In Dr. Potter's hybrid system, the layer of rat neurons is grown over an 
array of electrodes that pick up the neurons' electrical activity. A 
computer analyzes the activity of the several thousand brain cells in real 
time to detect spikes produced by neurons firing near an electrode.

A silver three-wheeled model of the robot is commercially available through 
the Swiss robotics maker K-Team (www.k-team.com) for about $3,000 and is 
about the size of a hockey puck. It trundles along at a top speed of one 
meter per second.

"We assign a direction of movement, say, a step forward, that is 
automatically triggered by a pattern of spikes," said Thomas DeMarse, a 
former member of Dr. Potter's group who is an assistant professor in the 
department of biomedical engineering at the University of Florida. "Twenty 
of these patterns, for instance, means 20 rotations of the wheel."

As the robot moves, it functions as a sensory system, delivering feedback 
to the neurons through the electrodes. For example, Mr. DeMarse said, the 
robot has sensors for light and feeds electrical signals proportional to 
the light back to the electrodes. "We return information to the dish on the 
intensity of light as the robot gets closer and the light gets brighter."

The researchers monitor the activity of the neurons for new signals and new 
connections. Dr. Potter said that the feedback mechanism was crucial to the 
functioning of the neural network. In traditional, isolated cultured 
networks, he said, in which neurons are not connected to a body, the 
activity patterns of the neurons are largely pathological. "They behave in 
an aberrant way," he said. "It's a symptom of sensory deprivation, because 
the neurons are not receiving the input they usually get."

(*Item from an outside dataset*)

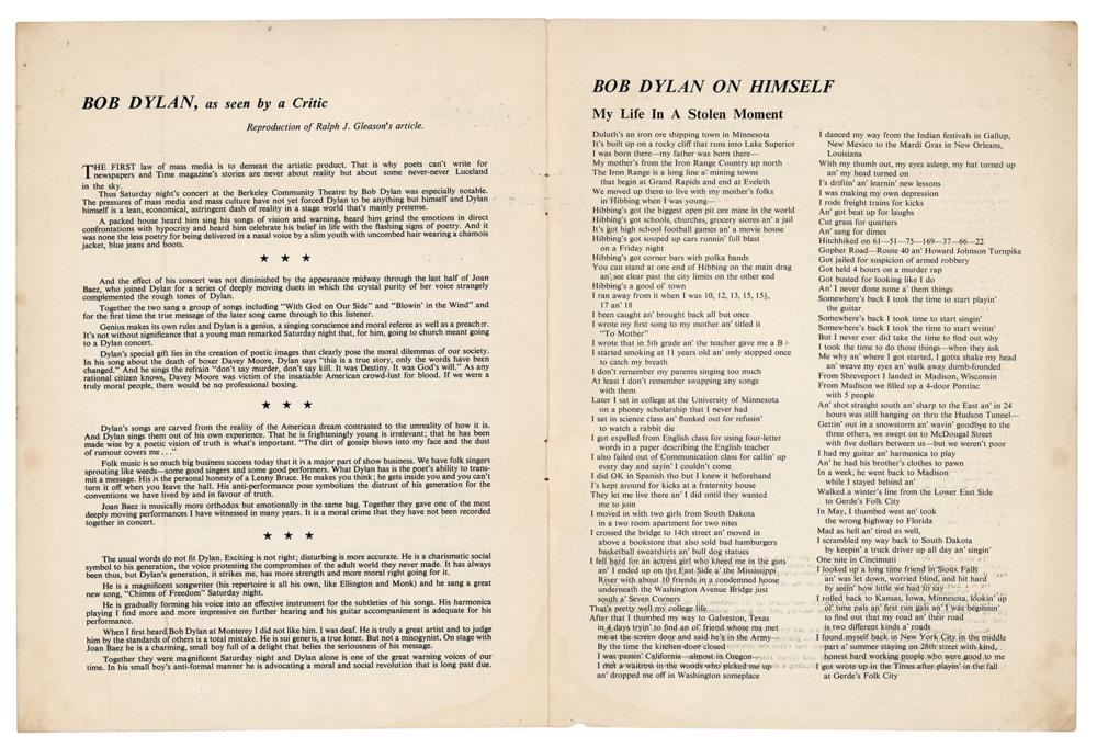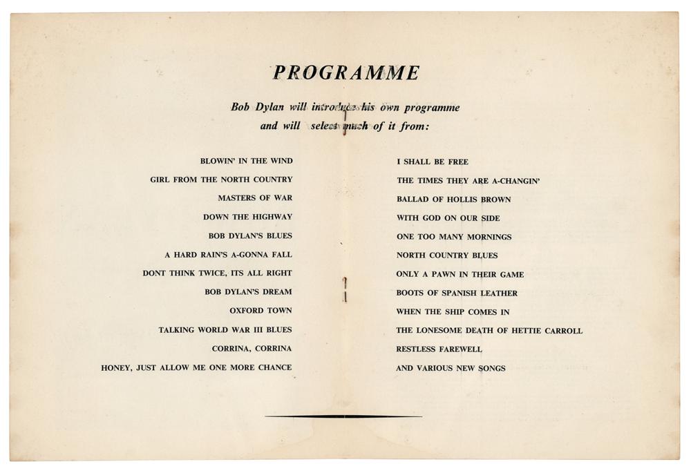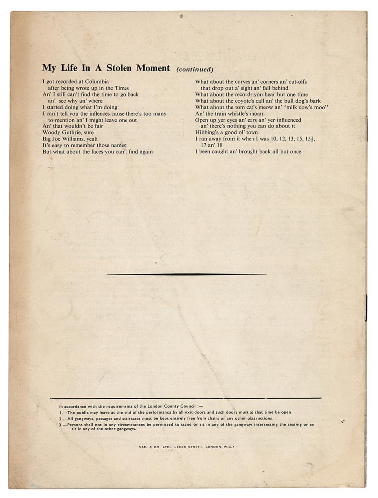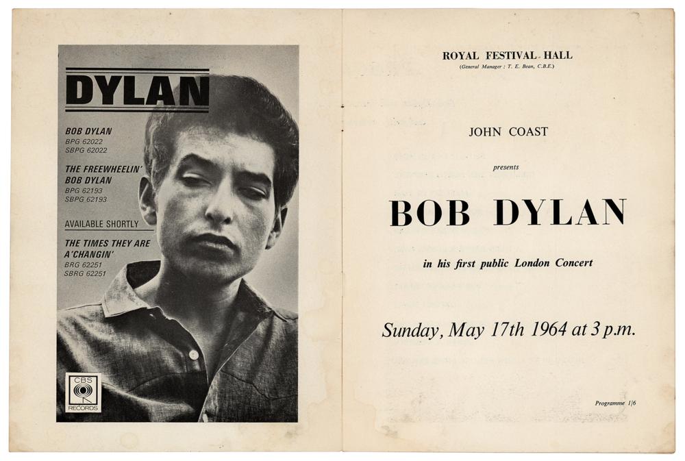 Original program for Bob Dylan's first public concert in London, England, held at the Royal Festival Hall on May 17, 1964, four pages, 7.5 x 9.75, with the interior featuring Dylan's poem 'My Life in a Stolen Moment,' a reproduction of Ralph J. Gleason's article 'Bob Dylan, as seen by a Critic,' and a large list of songs from which Dylan selected his set list: "Bob Dylan will introduce his own programme and will select much of it from." Dylan ended up playing 18 songs that night, including 'The Times They Are A-Changin',' 'Who Killed Davey Moore?,' 'Chimes of Freedom,' 'Mr. Tambourine Man,' and 'A Hard Rain's A-Gonna Fall.' In very good to fine condition, with creasing and handling wear.

He decided to provide a body for the neurons early in his research, first 
in computer simulation and then in reality, so that neurons would have 
feedback. In that way, if the cells learned, he and his group might observe 
the changes that came about in the network. "People say learning is a 
change in behavior that comes from experience," he said. "For a cultured 
network to learn, it must first be able to behave."

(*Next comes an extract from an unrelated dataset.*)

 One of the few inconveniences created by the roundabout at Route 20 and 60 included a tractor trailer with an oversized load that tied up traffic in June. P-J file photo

There is an analogy to the human nervous system in the feedback loop 
developed by Dr. Potter, said Nicholas Hatsopoulos, an assistant professor 
in the department of organismal biology and anatomy at the University of 
Chicago.

Dr. Hatsopoulos also works on brain-machine interfaces, including ways that 
brain signals may one day be used to move prosthetic devices.

"Potter's device has sensors that pick up information, and then the signals 
go back to the dish and stimulate the cells," he said. Similarly, he said, 
"signals out of the brain control the arm, but there are also sensors in 
the muscles and skin that send information back, too."

Such feedback loops are necessary to basic research in brain-machine 
interactions, he said. Researchers need not only to record signals that 
drive a device but also take signals from sensors and stimulate the nervous 
system. "Closing the loop will be a key issue in moving this field to the 
next level, for the feedback presumably helps learning," he said.

Miguel A. L. Nicolelis, a neuroscientist at Duke University, has identified 
signals generated by a monkey's brain as it gets ready to move, and then 
used the signals to move a robotic arm. "We are discovering that when 
animals learn to operate a robotic device, the operation changes the 
sensory and motor maps of the animal," he said. "Steve is looking for the 
same thing at the cellular level."

Dr. Potter has not yet demonstrated learning in his network but said he 
might be able to do so within six months. In experiments, Dr. Potter said 
he hoped to observe the Hybrot following an object at a certain distance.

"The next step is to watch it to see if it becomes better at following this 
object," he said. "That would become exciting."